Ninfa Clara Salinas Sada (born May 1, 1980) is a Mexican politician, and former Mexican Senator, representing the Ecologist Green Party of Mexico (Partido Verde Ecologista de México) in the LXIII Legislature of the Mexican Congress. She began her second period in the Mexican Congress in September 2012, having served a three-year term as a member of the Chamber of Deputies, the lower house of Congress. She is one of the youngest women in history to have served in Congress.

==Education==
Salinas holds a bachelor's degree in marketing from the Universidad Anáhuac México.

==Political career==

Salinas chaired the Environmental and Natural Resources Committee of the Chamber of Deputies. As a Senator she was the Chair of the Environmental and Natural Resources Committee of the Mexican Senate and is a member of the Subcommittee on North American Affairs and the Water Resources Committee.

She sponsored bills and initiatives during her term, including a consensus resolution for the General Law on Climate Change. She also successfully sponsored a resolution calling on Mexico's Secretariat of Foreign Affairs to adopt the Universal Declaration on Animal Welfare; a bill to increase investment in the Mexican Institute of Water Technology; as well as legislation for the creation of the Special Forestry Commission to contribute to the sustainable development of the Mexico's forests and tropical vegetation.
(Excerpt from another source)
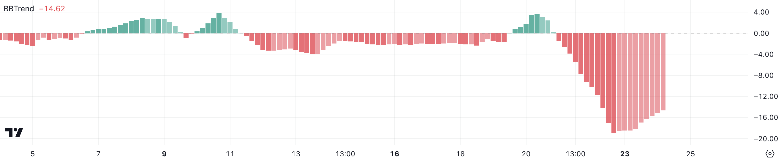 BBTrend, of Bollinger Band Trend, is een momentumindicator afgeleid van Bollinger Bands. Het meet het verschil tussen de koers van een asset en het middelpunt van zijn Bollinger Bands, en biedt inzicht in de sterkte en richting van de trend. Negatieve BBTrend-waarden duiden op bearish momentum, terwijl positieve waarden op bullish trends wijzen.

Among her record, she has filed over 20 bill initiatives; 10 of them related to environmental issues, and the rest focused on security, labor, taxes and voting.

She launched the i-Latina advertising agency to oversee all marketing campaigns for Mexico's Grupo Salinas, which operates in ten countries throughout with 80,000 employees. She also started an advertising company called Promo Espacio.

Salinas joined Fundación Azteca, Grupo Salinas' non-profit organization focused on improving the environment and the quality of life of the communities in which it operates, to support and participate in the Limpiemos campaign. Limpiemos is a year-long informational campaign that emphasizes the importance of taking care of the environment.

Salinas is chairwoman of Grupo Dragon, which focuses on the production of green and clean energy, including geothermal, hydraulic and eolic generation.

She is a member of the Board of Trustees of the Tamayo Museum in Mexico.